The Valuable Vet

One of the most important things you can do for your bird is to establish a good rapport with a certified avian vet immediately upon bringing your avian friend into your home. The reason for this is simple: You don't want to wait until there is a problem with their health to have the doctor see the bird. It is extremely valuable for your vet to have recorded data on an annual basis to compare with if ever a problem does come up.

The Well Birdie Check...

The "WELL BIRDIE CHECK" should be done within 2 weeks of bringing the bird into your home. During this check the vet should do the following:
1. Check the weight of the bird in grams
2. Do a physical examination, which should include examining the nares, vent, oral
cavity and ears of the bird.
3. A CBC (complete blood count) should be obtained.
4. Gram stains of oral cavity and fecal droppings.
5. Testing for Chlamydophilia, Polyoma and Psittacine Beak and Feather disease.
5. Vaccinations as deemed necessary.
6. Other suggested tests, depending on the birds age, species and health condition.
7. Discuss any behavioral/hormonal concerns or changes that you might have noticed.
8. Microchipping should be done, especially if the bird does not have a leg band. It is also our suggestion that any legband the bird has be removed.

There are several very important reasons why leg bands aren't the best form of identification. First, leg bands have a tendency of getting caught on toys, ropes, etc and have been known to cause serious injury--even death in some cases. Second, after continued wear, the pounding of the band on the birds digital flexor tendon can lead to tendonitis and loss of flexor function. Third, many birds object to something on their leg which leads to chewing on it causing behavioral problems such as featherpicking. Fourth, over time the numbers on the band wear off and are illegible making their identification useless. Fifth, if the bird is lost or stolen the first thing the new owner will do is to "remove" the leg band making identification proof impossible. Tatooing, another form of bird identification, is permanent but not unique or able to be registered.
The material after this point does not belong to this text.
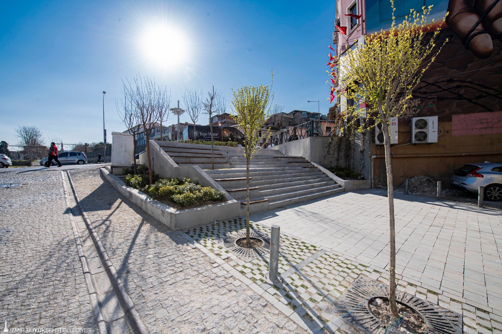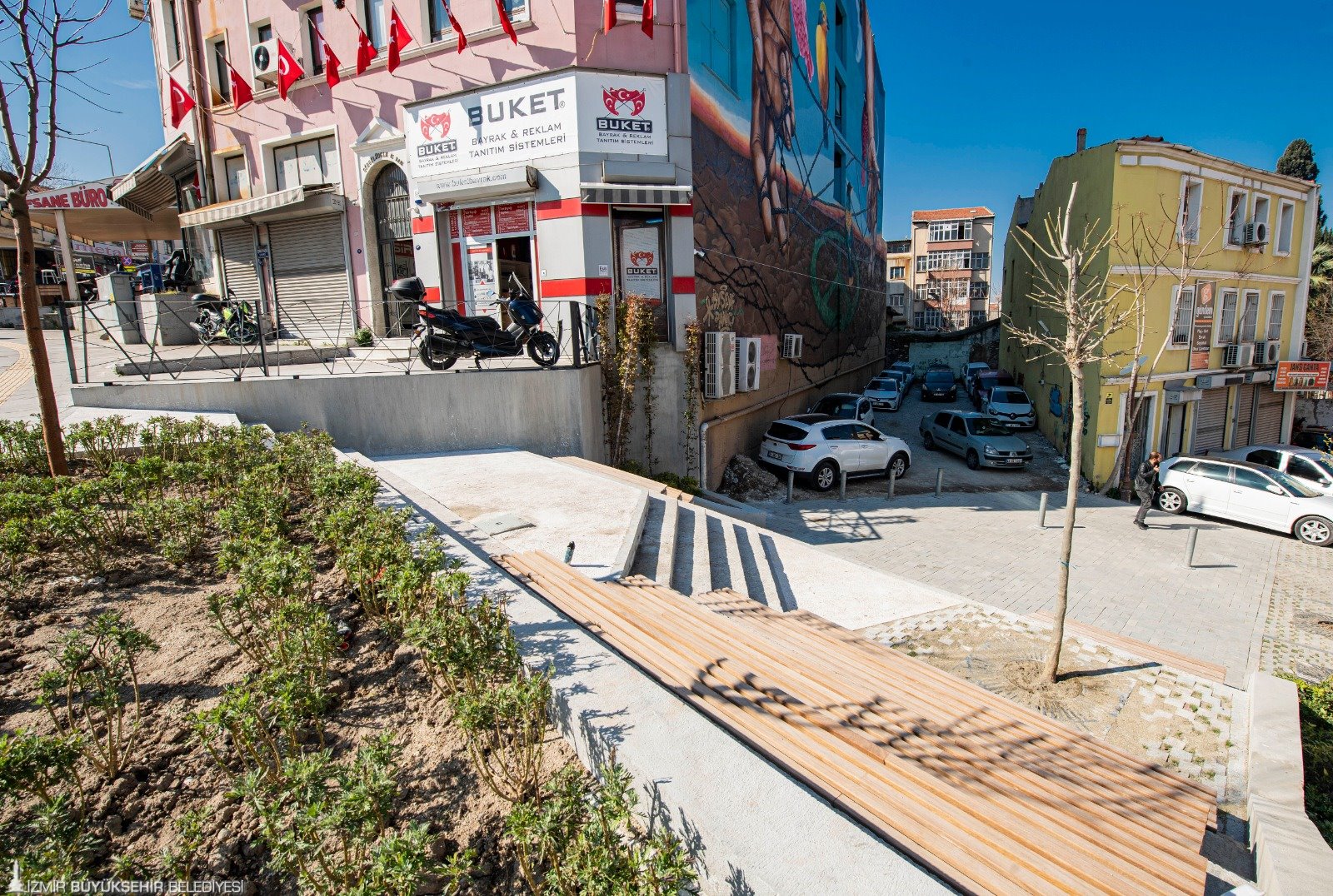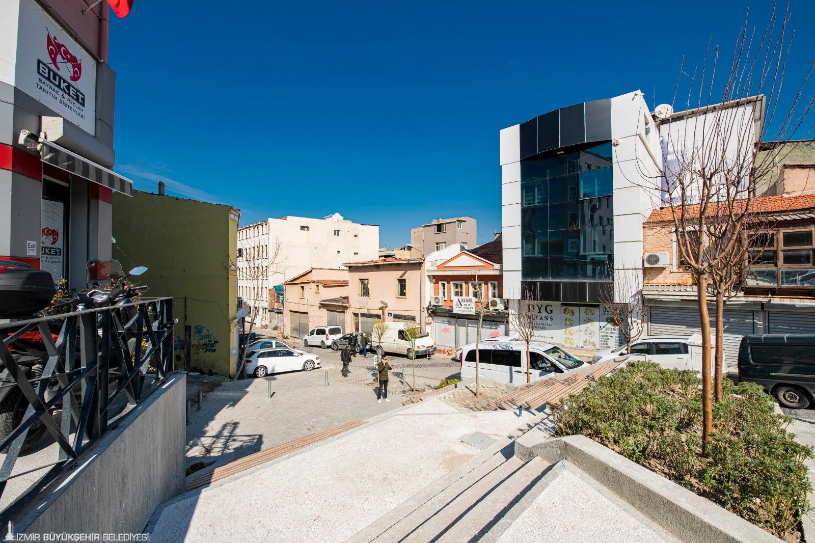 Konak ile Kadifekale arasındaki tarihi aksı canlandırmayı ve Kemeraltı’nı korumayı hedefleyen İzmir Büyükşehir Belediyesi, bu bölgedeki Azizler Sokağı’nı modern bir park haline getirdi. Sokak, oturma birimleri ve peyzajıyla bölgeye değer katan bir görünüme kavuşturuldu.

Microchipping a bird just makes sense...it is a piece of silicon with a unique 12-digit alphanumberic code that is read by a reader that emits an electronic signal and sends the code back to the display. The tiny implant is planted into the birds chest musculature while it is fully awake. This form of identification has been being used for years with no known side effects.

The Annual Vet Check...

The Annual check should essentially repeat the above items (with exception of the testing for the 3 diseases, microchipping and the vaccinations) to have a comparison of the birds health for future referencing. Don't count on "My bird doesn't look sick...".

Most humans "appear" well and then suddenly succumb to heart attacks, seizures, cancer and other incurable diseases. Birds, being wild animals are able to hide their symptoms of disease better than humans or even dogs and cats. It is imparative to have this yearly checkup to catch any problem before it becomes fatal.

How to Choose a Good Vet...

Choosing a good avian vet is very important for your bird- and for your own peace of mind. We recommend the follow...

1. The vet should be a member of AAV as that promotes advanced avian medicine. Beyond this...
2. Ask for references from local pet stores and clubs.
3. Call the clinic to see how many "bird" visits they have per month. IF they have only a few occasionally then it is very difficult for the veterinarian to stay current on avian medicine.
4. Set up an appointment for you and your bird to meet the vet to see if you and your bird both have a good "rapport" with the vet. This is very important. Don't wait until something happens to get to know him.

Something no one wants to think about...

The importance of having a Necropsy done.
A necropsy is the examination of an animal after death. When one of our beloved pets die it is a great loss, but sometimes the reason for the death can give insight, closure and often save the life of other pets or even humans in the home. A necropsy is a full internal and external examination of all the birds organs which will tell us the cause of death.

To gather the most valuable information from a necropsy please do the following immediately after the bird is found:

1. Place the birds body in a Ziplock bag.
2. Place just a few drops of water in the bag.
3. Remove as much air from the bag as possible and seal.
4. Refrigerate (do not freeze) the body.
5. Bring the body to the vets office within 24 hours of death. If later a necropsy can still be done however some organs might not be of diagnostic value. Remember, doing a necropsy will help you not only discover why the bird died but can give insight, which could save future animals or people from illness or death.